INPUT MATERIAL.
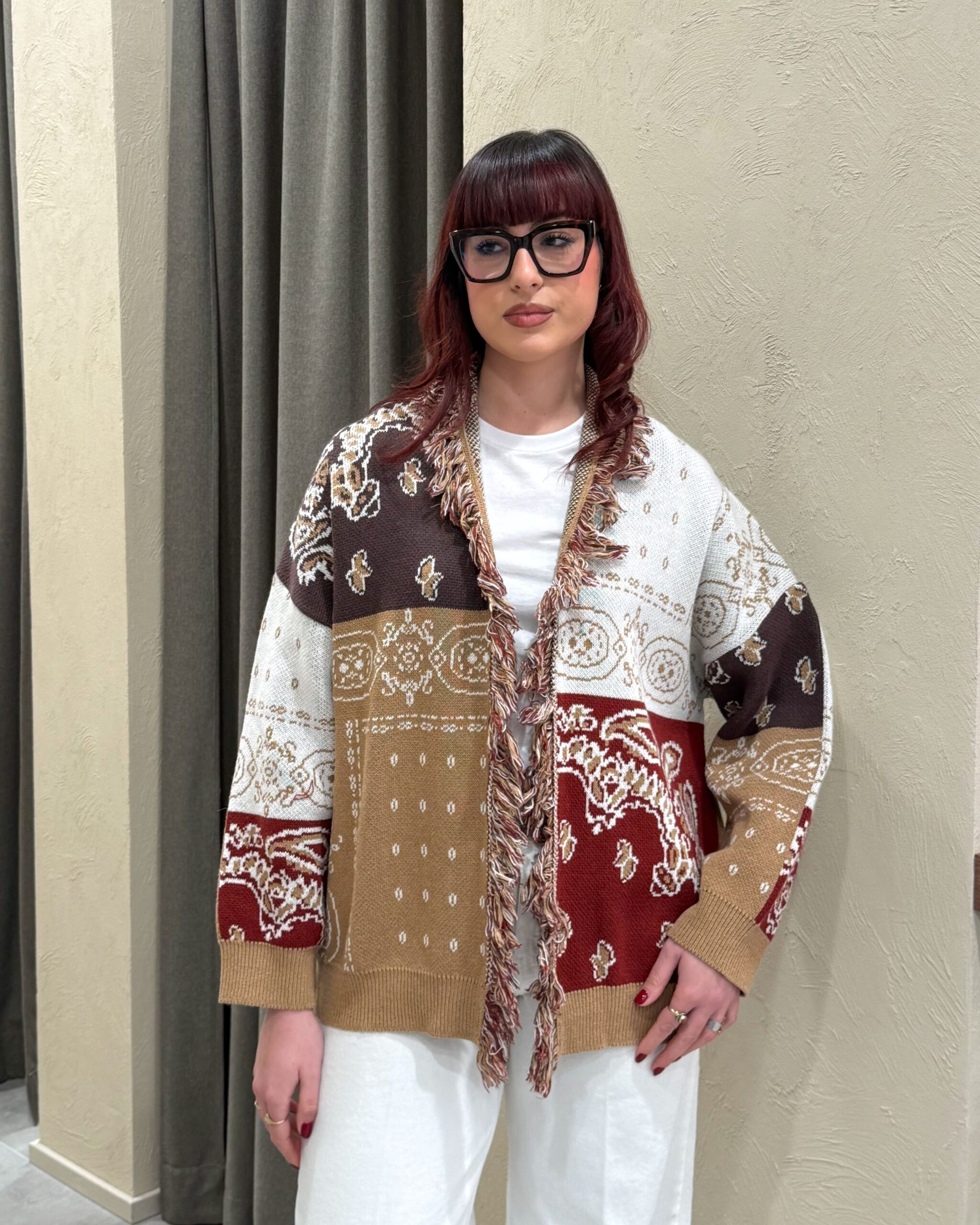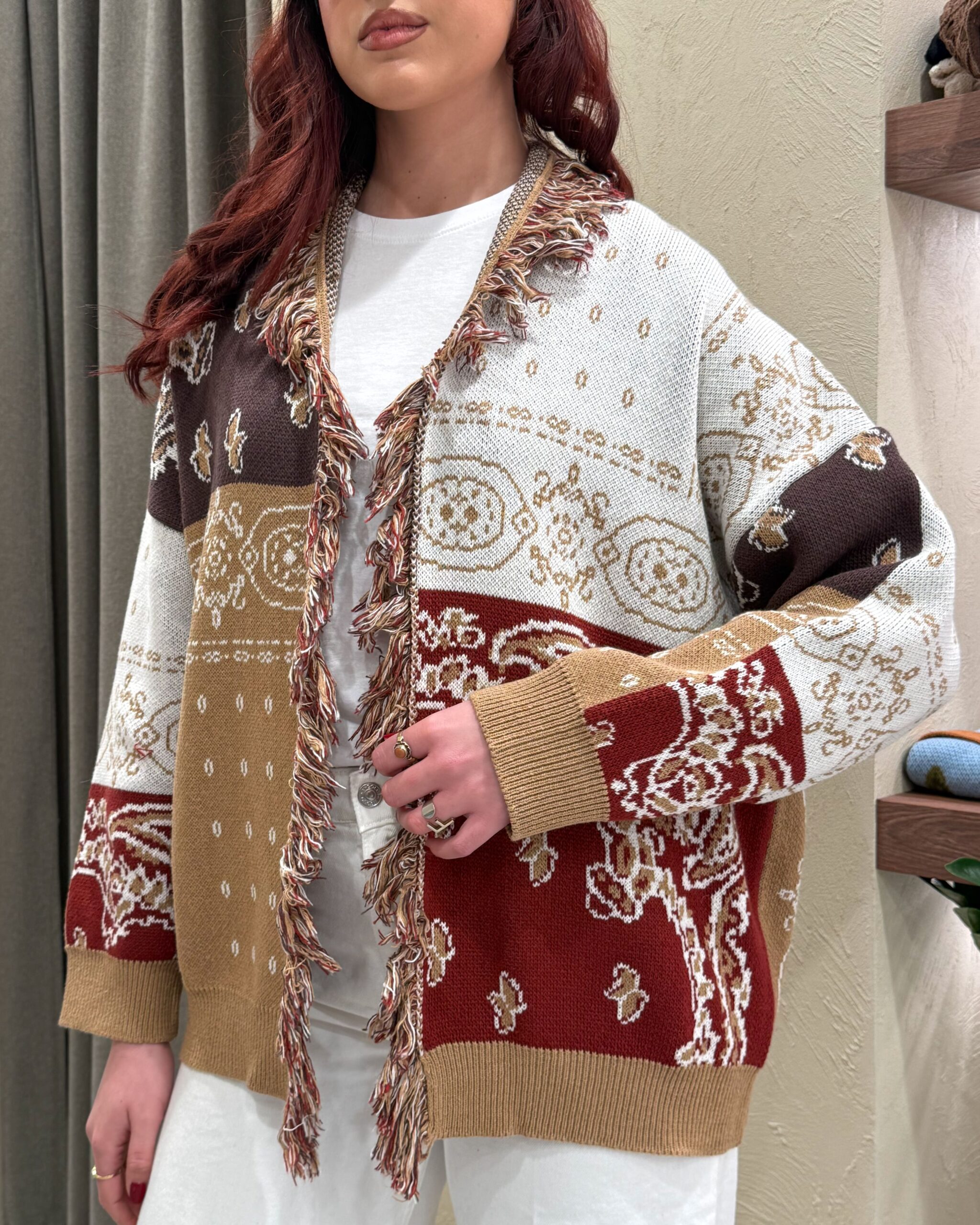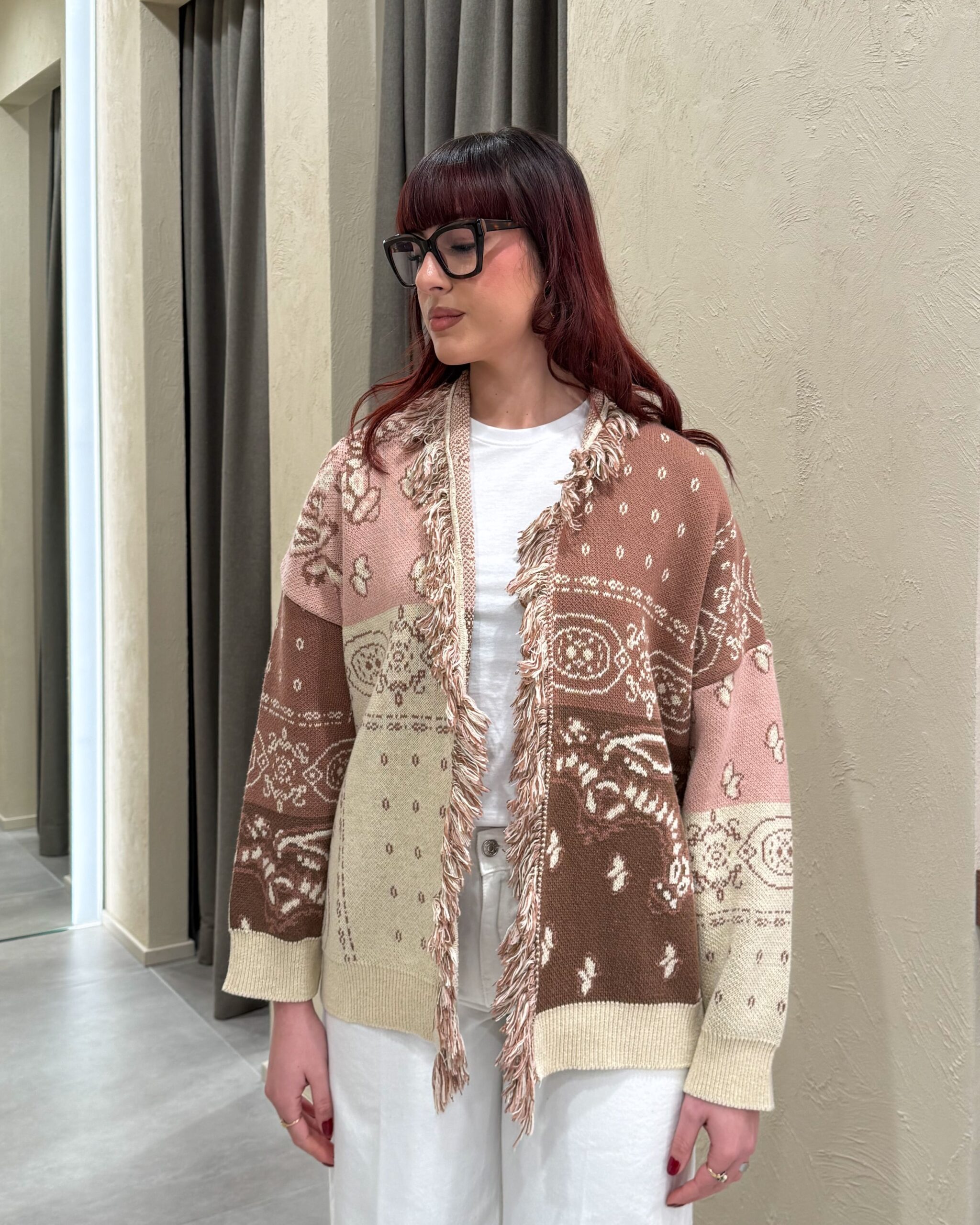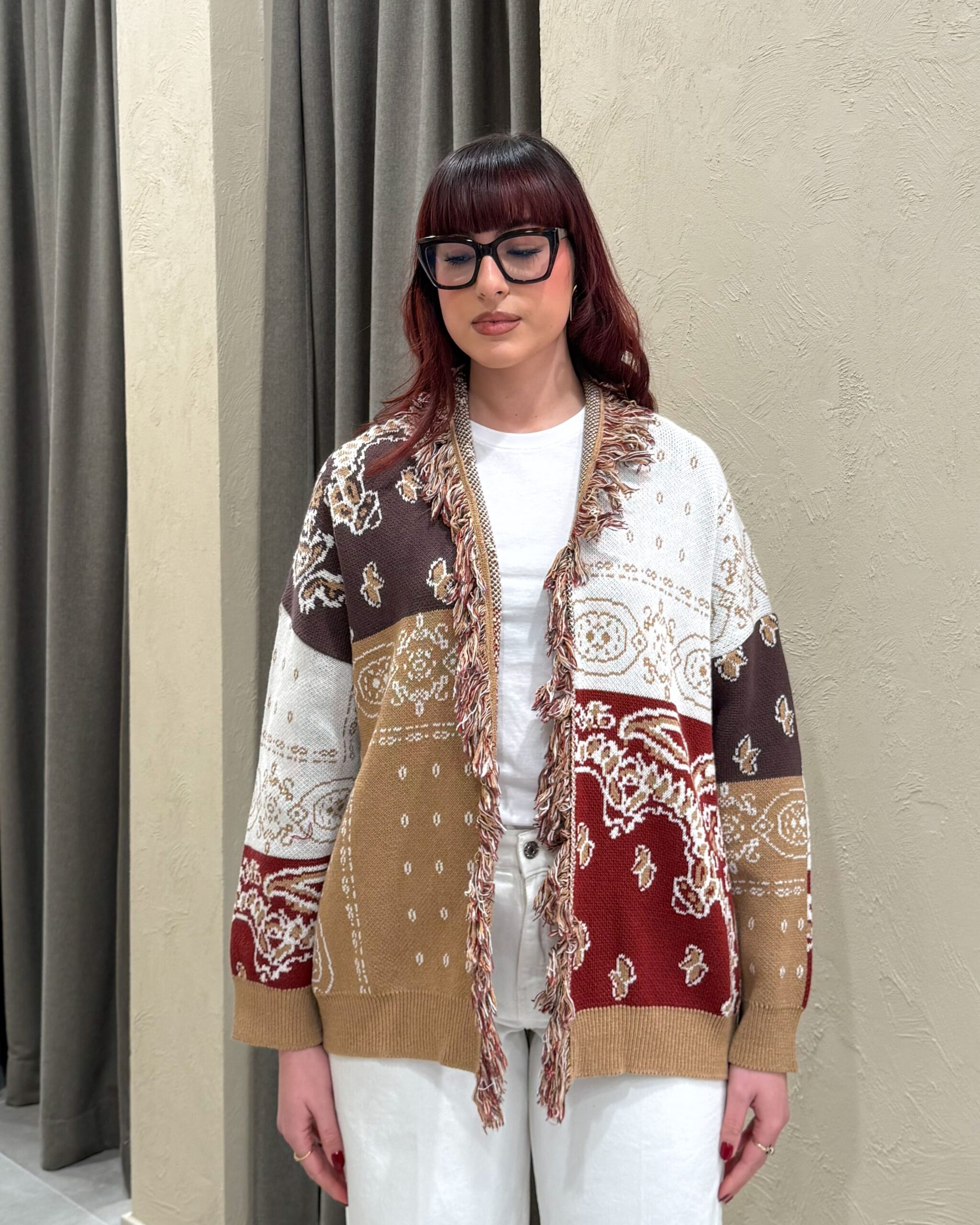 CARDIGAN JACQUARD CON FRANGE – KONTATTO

---

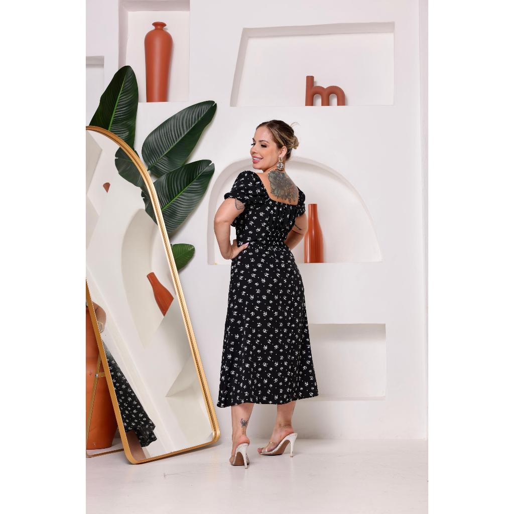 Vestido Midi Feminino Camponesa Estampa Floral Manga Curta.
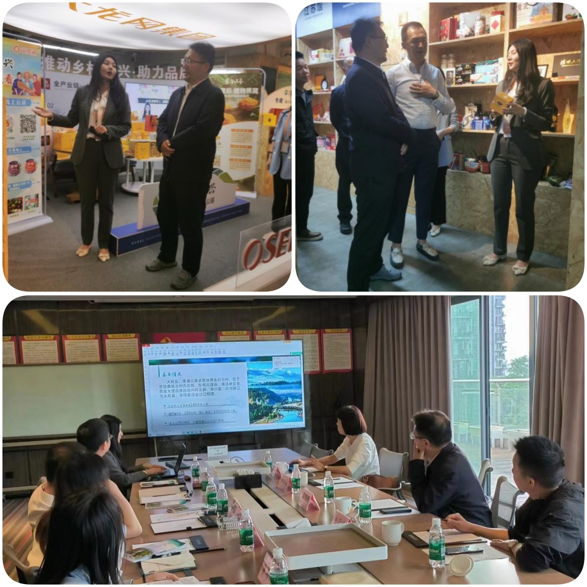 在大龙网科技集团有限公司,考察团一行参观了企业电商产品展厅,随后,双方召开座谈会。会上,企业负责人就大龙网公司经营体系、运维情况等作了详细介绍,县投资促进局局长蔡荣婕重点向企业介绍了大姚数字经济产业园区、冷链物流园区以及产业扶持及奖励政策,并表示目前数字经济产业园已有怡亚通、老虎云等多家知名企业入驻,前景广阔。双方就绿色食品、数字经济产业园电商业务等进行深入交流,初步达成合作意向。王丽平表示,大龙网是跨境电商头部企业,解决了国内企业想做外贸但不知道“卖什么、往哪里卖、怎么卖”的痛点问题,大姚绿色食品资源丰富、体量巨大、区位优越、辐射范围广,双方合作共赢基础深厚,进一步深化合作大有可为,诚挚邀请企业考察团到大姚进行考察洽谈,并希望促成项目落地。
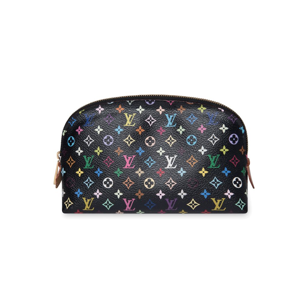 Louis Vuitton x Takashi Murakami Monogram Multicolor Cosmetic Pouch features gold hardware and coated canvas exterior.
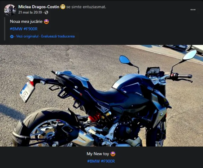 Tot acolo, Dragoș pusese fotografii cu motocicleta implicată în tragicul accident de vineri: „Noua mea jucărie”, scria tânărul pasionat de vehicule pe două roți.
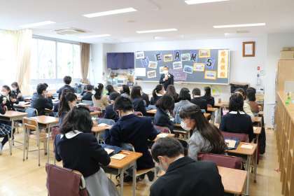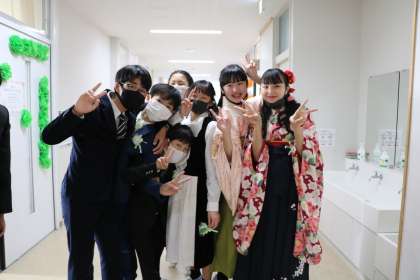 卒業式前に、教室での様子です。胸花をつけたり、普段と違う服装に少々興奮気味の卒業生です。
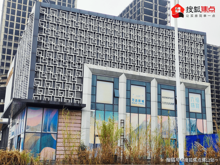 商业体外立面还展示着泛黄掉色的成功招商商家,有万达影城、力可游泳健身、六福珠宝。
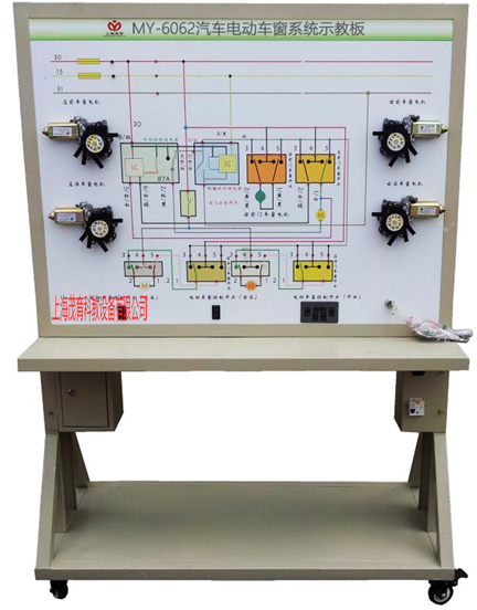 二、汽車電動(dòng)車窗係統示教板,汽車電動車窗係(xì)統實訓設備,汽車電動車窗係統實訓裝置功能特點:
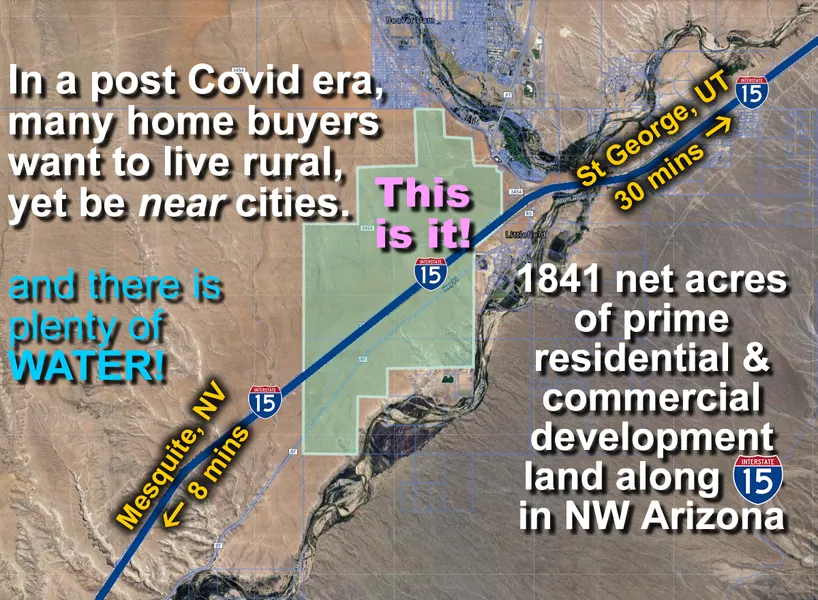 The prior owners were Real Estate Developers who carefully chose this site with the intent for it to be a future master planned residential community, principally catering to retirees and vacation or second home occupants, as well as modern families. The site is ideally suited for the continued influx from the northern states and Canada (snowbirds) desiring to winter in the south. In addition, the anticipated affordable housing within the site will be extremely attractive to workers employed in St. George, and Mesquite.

* * *

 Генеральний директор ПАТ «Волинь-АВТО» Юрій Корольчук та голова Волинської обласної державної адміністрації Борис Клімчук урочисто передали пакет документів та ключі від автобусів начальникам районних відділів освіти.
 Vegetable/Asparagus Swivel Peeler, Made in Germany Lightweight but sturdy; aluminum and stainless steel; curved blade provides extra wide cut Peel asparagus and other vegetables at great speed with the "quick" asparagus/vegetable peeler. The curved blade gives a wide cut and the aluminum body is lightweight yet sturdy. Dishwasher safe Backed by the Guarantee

PROBLEM REQUIREMENTS. Extract, without any images, the part of the material above that opens with the line containing "Tot acolo, Dragoș" and closes with the line containing "二、汽車電動(dòng)車窗", both lines included.

SOLUTION FOR THIS EXERCISE.
 Tot acolo, Dragoș pusese fotografii cu motocicleta implicată în tragicul accident de vineri: „Noua mea jucărie”, scria tânărul pasionat de vehicule pe două roți.
 卒業式前に、教室での様子です。胸花をつけたり、普段と違う服装に少々興奮気味の卒業生です。
 商业体外立面还展示着泛黄掉色的成功招商商家,有万达影城、力可游泳健身、六福珠宝。
 二、汽車電動(dòng)車窗係統示教板,汽車電動車窗係(xì)統實訓設備,汽車電動車窗係統實訓裝置功能特點:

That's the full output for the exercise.